Search customization

Limitation of the algorithm space:

def run_autosklearn_limited(X_train, y_train):
    """
    Ограничиваем поиск деревьями — быстрее и интерпретируемее.
    """
    from autosklearn.classification import AutoSklearnClassifier

    automl = AutoSklearnClassifier(
        time_left_for_this_task=300,
        include={
            'classifier': ['random_forest', 'gradient_boosting', 'extra_trees'],
            'feature_preprocessor': ['no_preprocessing', 'pca', 'select_percentile_classification']
        },
        exclude={'classifier': ['libsvm_svc', 'mlp']},  # медленные алгоритмы
        seed=42
    )
    automl.fit(X_train, y_train)
    return automl

Auto-sklearn for time series

Important: Correct cross-validation:

from autosklearn.classification import AutoSklearnClassifier
from sklearn.model_selection import TimeSeriesSplit
import numpy as np

def run_autosklearn_timeseries(X: pd.DataFrame, y: pd.Series) -> dict:
    """
    Для временных рядов нельзя использовать обычную CV.
    Используем custom resampling с TimeSeriesSplit.
    """
    tscv = TimeSeriesSplit(n_splits=5)
    cv_splits = list(tscv.split(X))

    # Auto-sklearn принимает кастомные splits через resampling_strategy='custom'
    automl = AutoSklearnClassifier(
        time_left_for_this_task=300,
        resampling_strategy='cv',    # custom splits через параметр ниже
        resampling_strategy_arguments={'folds': 5},
        seed=42
    )

    # Примечание: полноценный timeseries CV в auto-sklearn v1
    # требует monkey-patching или переключения на FLAML/Optuna
    automl.fit(X.values, y.values)
    return automl

Export and deploy

Saving the model:

import pickle
import joblib

def export_autosklearn_model(automl, output_path: str):
    """
    Auto-sklearn использует sklearn Pipeline под капотом.
    Сохранение через joblib — стандартный sklearn путь.
    """
    # Полная модель (включая ансамбль)
    joblib.dump(automl, f'{output_path}/autosklearn_ensemble.pkl')
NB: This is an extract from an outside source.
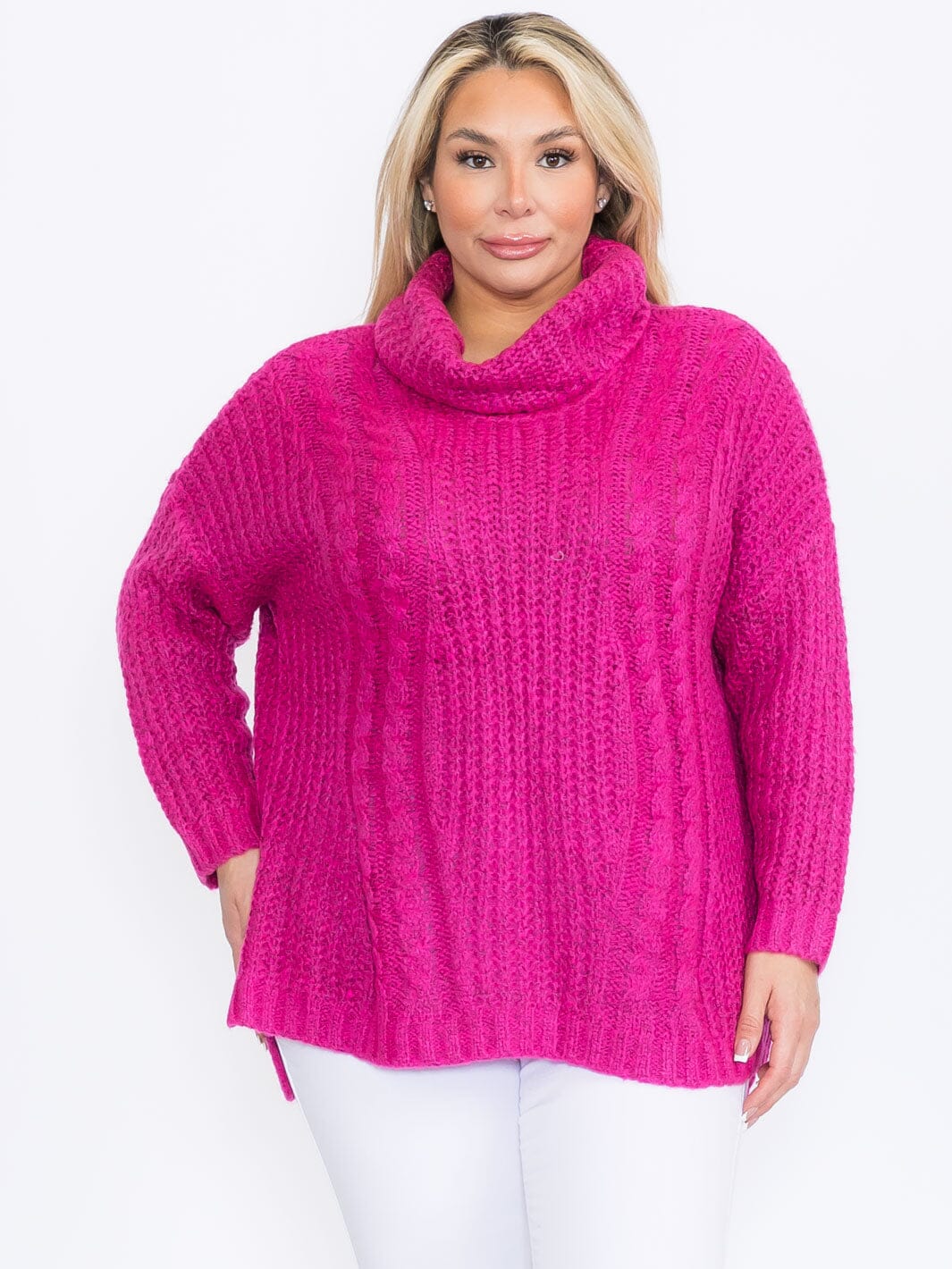 Features:Soft knit fabric, flattering plus-size fit, versatile turtleneck design, ideal for layering, fall and winter essential, boutique favorite.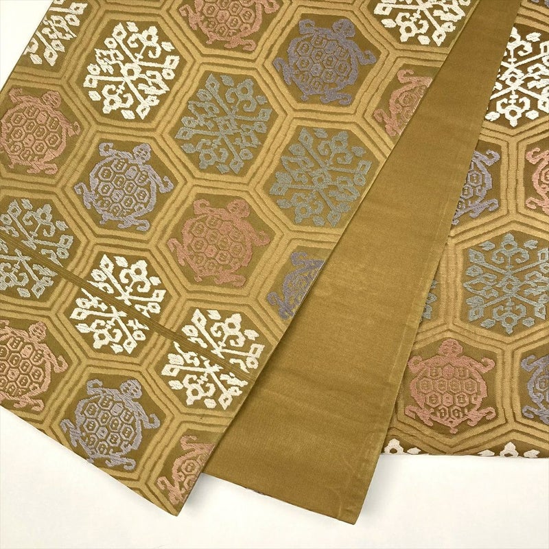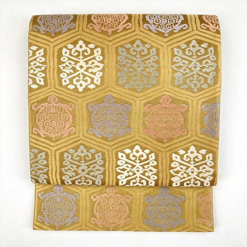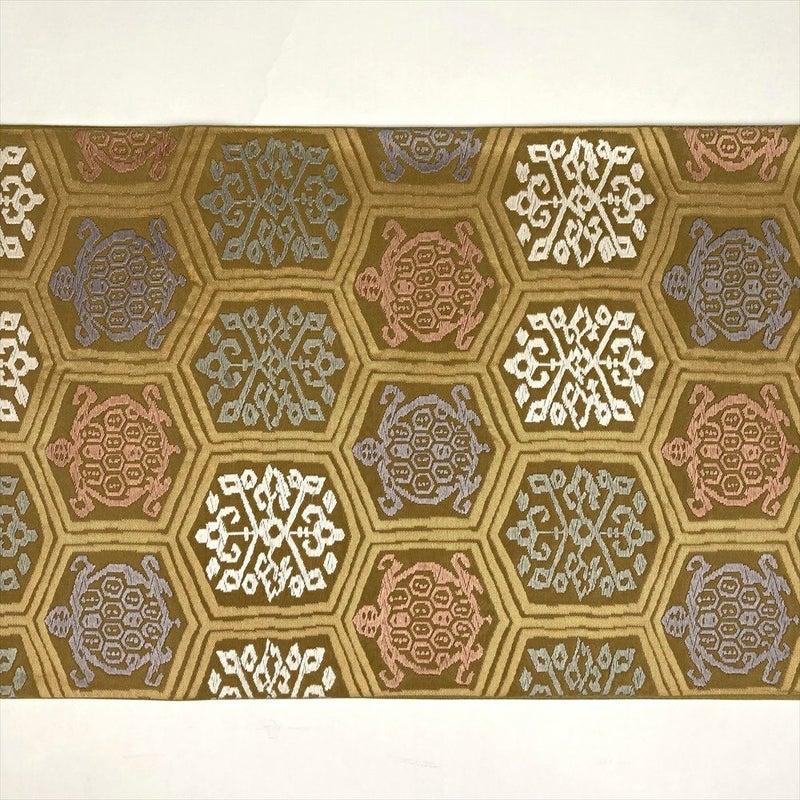 (中古)袋帯 サンドベージュ 黄土色 色糸 セミフォーマル カジュアル 六通 亀甲 亀

    # Только лучшая единичная модель (меньше зависимостей)
    best_model = list(automl.get_models_with_weights())[-1][1]
    joblib.dump(best_model, f'{output_path}/best_single_model.pkl')

    return {'ensemble_path': f'{output_path}/autosklearn_ensemble.pkl'}

Timeframe: Basic AutoSklearn + evaluation — 1-2 days. Space customization, custom preprocessors, correct CV timeseries, MLflow tracking — 1-2 weeks.